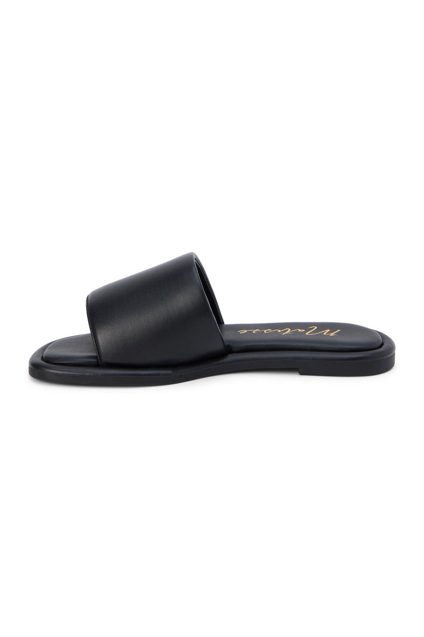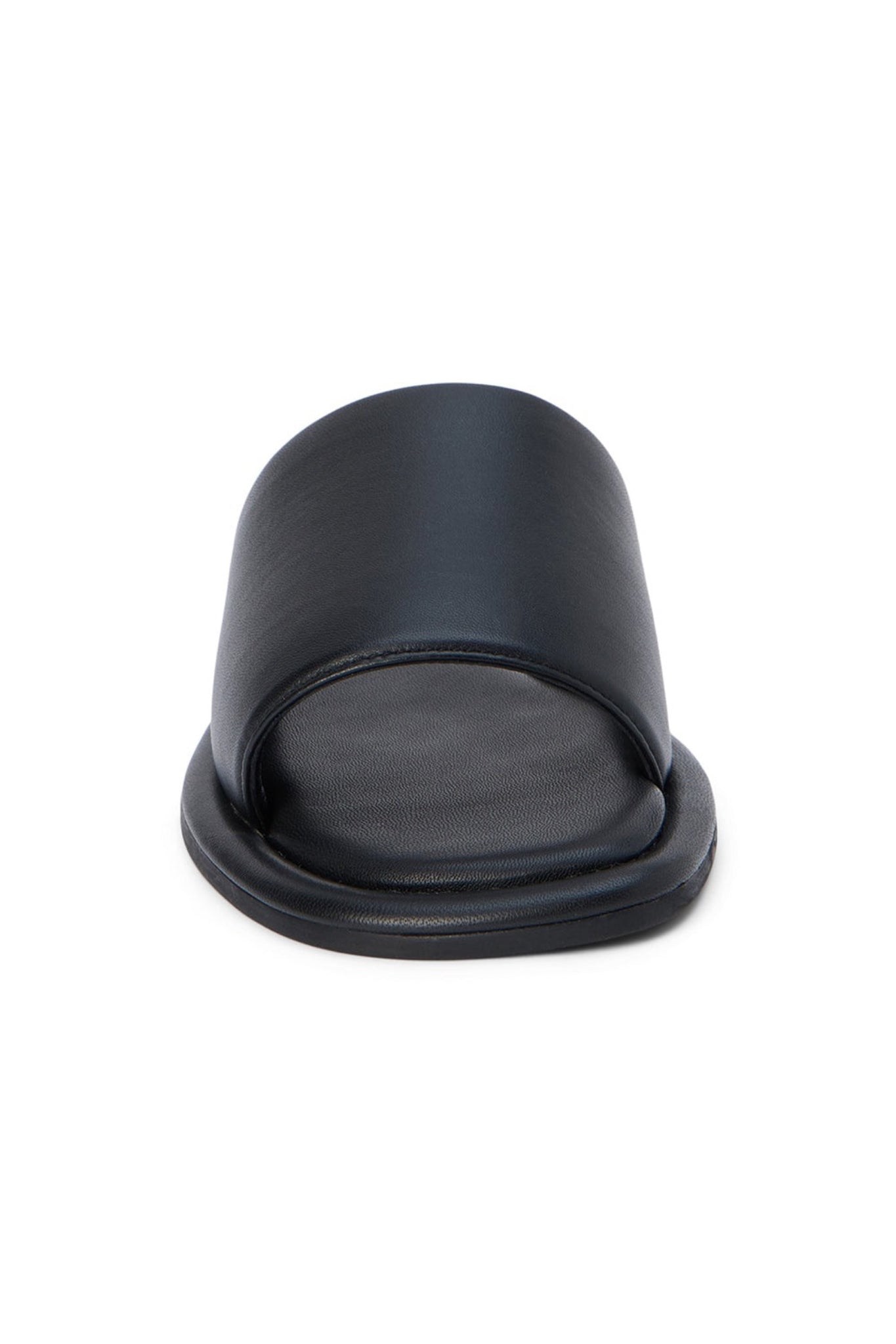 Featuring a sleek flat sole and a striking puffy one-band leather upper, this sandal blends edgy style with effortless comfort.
* * *
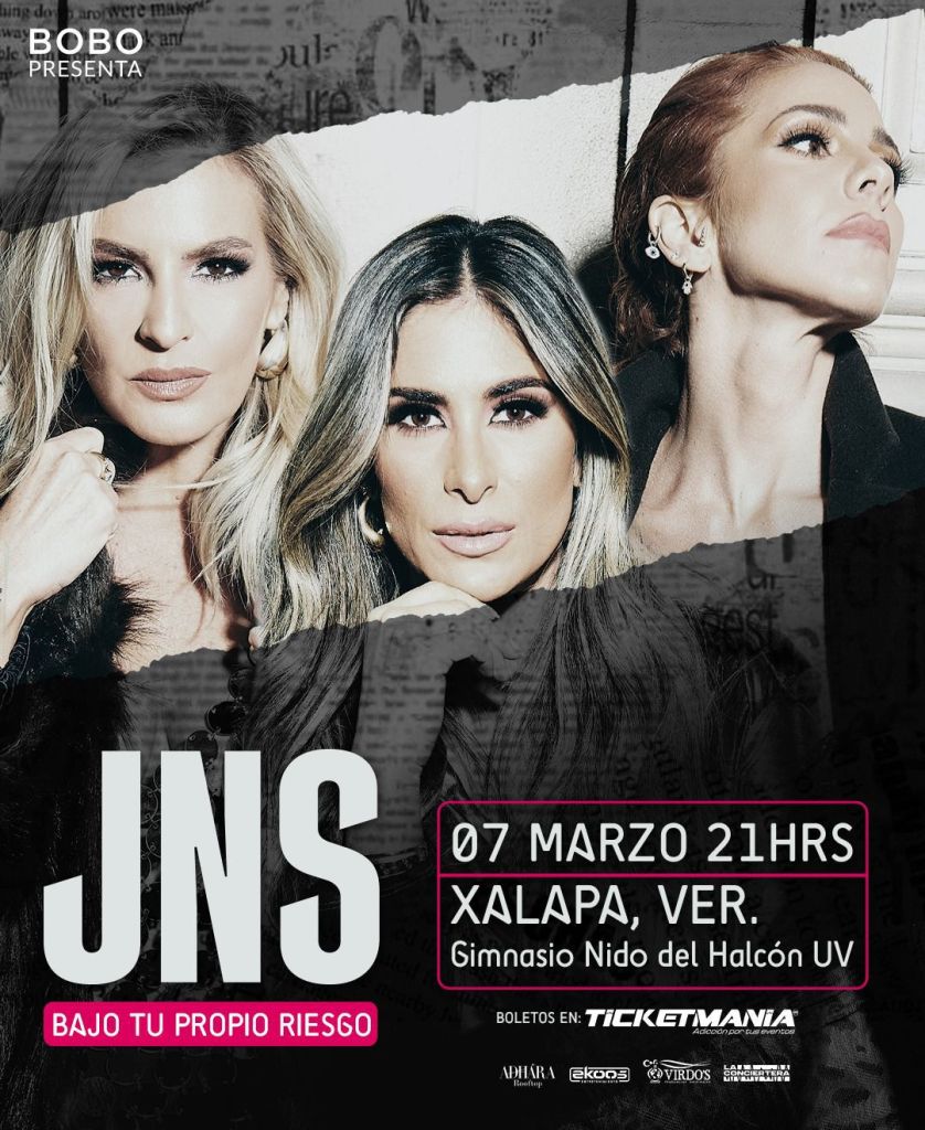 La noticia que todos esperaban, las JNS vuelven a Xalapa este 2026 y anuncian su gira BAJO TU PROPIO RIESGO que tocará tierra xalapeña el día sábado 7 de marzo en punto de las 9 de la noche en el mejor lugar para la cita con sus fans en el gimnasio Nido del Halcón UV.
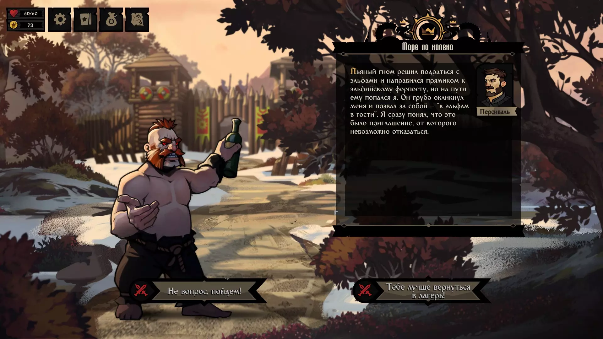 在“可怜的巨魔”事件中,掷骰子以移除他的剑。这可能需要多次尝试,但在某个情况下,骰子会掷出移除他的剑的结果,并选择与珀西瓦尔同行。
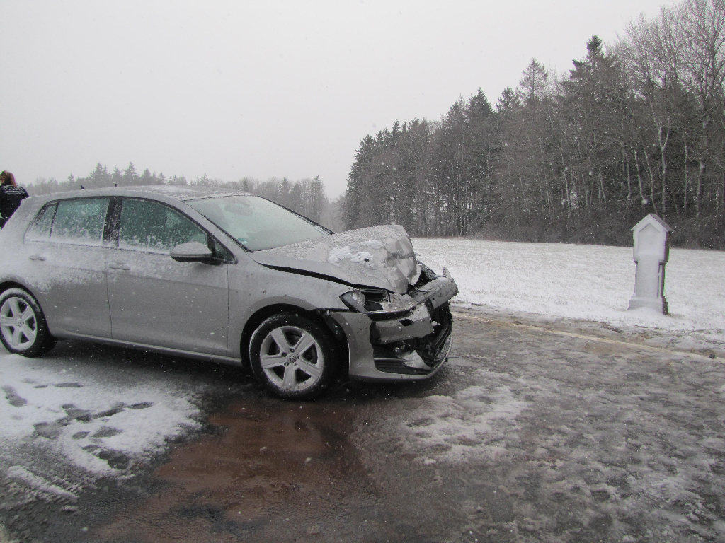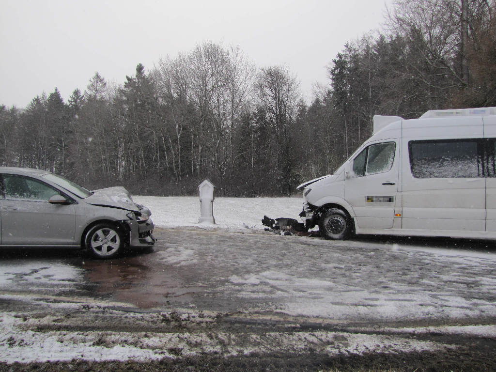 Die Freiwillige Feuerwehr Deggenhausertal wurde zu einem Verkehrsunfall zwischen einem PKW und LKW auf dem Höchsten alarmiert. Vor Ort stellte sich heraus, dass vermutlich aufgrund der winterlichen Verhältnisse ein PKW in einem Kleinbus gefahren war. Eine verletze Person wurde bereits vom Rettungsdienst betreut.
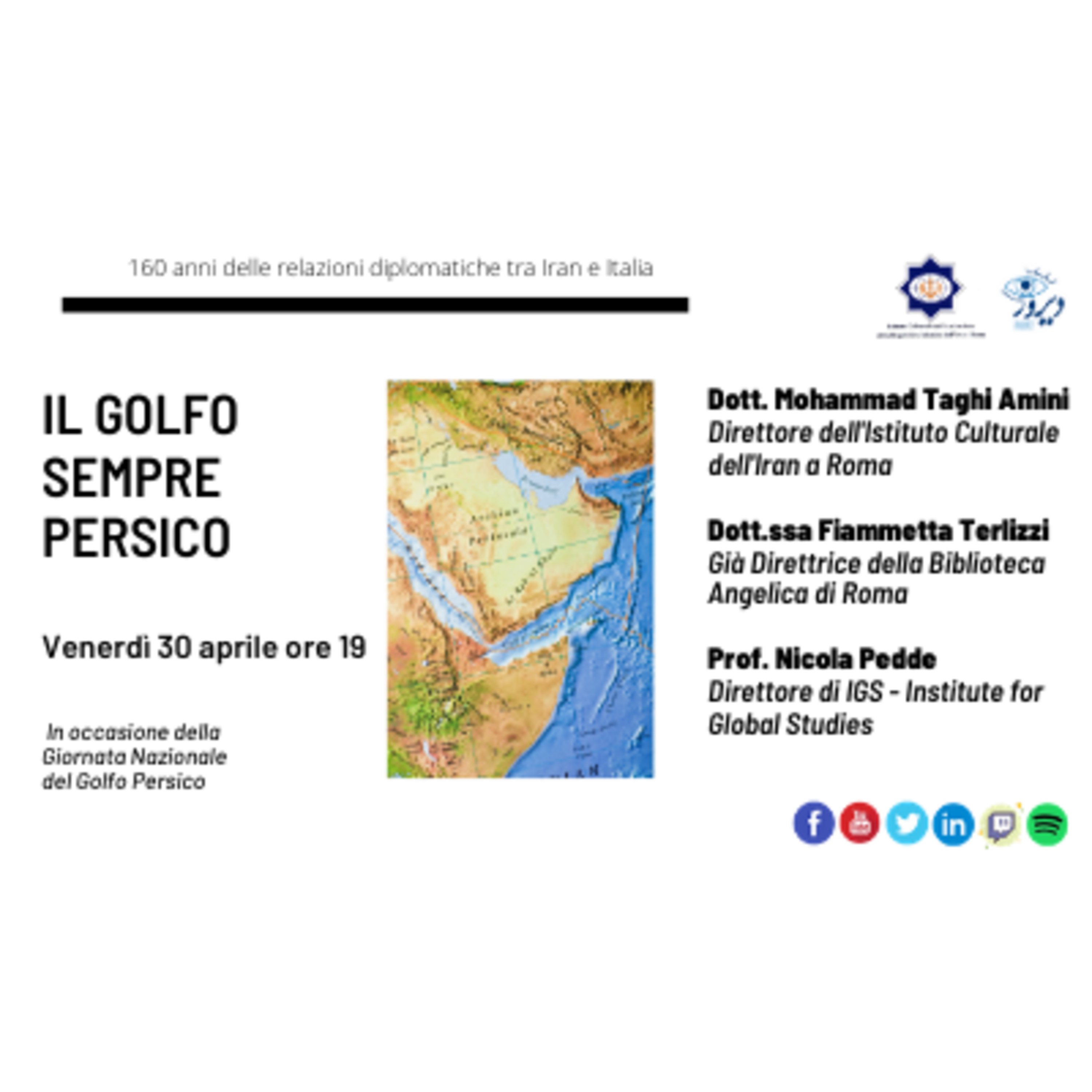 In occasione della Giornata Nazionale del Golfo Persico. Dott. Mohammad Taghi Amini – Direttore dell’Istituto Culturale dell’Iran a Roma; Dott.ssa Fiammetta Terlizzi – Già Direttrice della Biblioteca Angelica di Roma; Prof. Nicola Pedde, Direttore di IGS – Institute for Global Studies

» Your instructions: Would you transcribe the lines above exactly, going from the line bearing "La noticia que" through the line bearing "Die Freiwillige Feuerwehr", and drop the pictures from the copy?

» Result below:
 La noticia que todos esperaban, las JNS vuelven a Xalapa este 2026 y anuncian su gira BAJO TU PROPIO RIESGO que tocará tierra xalapeña el día sábado 7 de marzo en punto de las 9 de la noche en el mejor lugar para la cita con sus fans en el gimnasio Nido del Halcón UV.
 在“可怜的巨魔”事件中,掷骰子以移除他的剑。这可能需要多次尝试,但在某个情况下,骰子会掷出移除他的剑的结果,并选择与珀西瓦尔同行。
 Die Freiwillige Feuerwehr Deggenhausertal wurde zu einem Verkehrsunfall zwischen einem PKW und LKW auf dem Höchsten alarmiert. Vor Ort stellte sich heraus, dass vermutlich aufgrund der winterlichen Verhältnisse ein PKW in einem Kleinbus gefahren war. Eine verletze Person wurde bereits vom Rettungsdienst betreut.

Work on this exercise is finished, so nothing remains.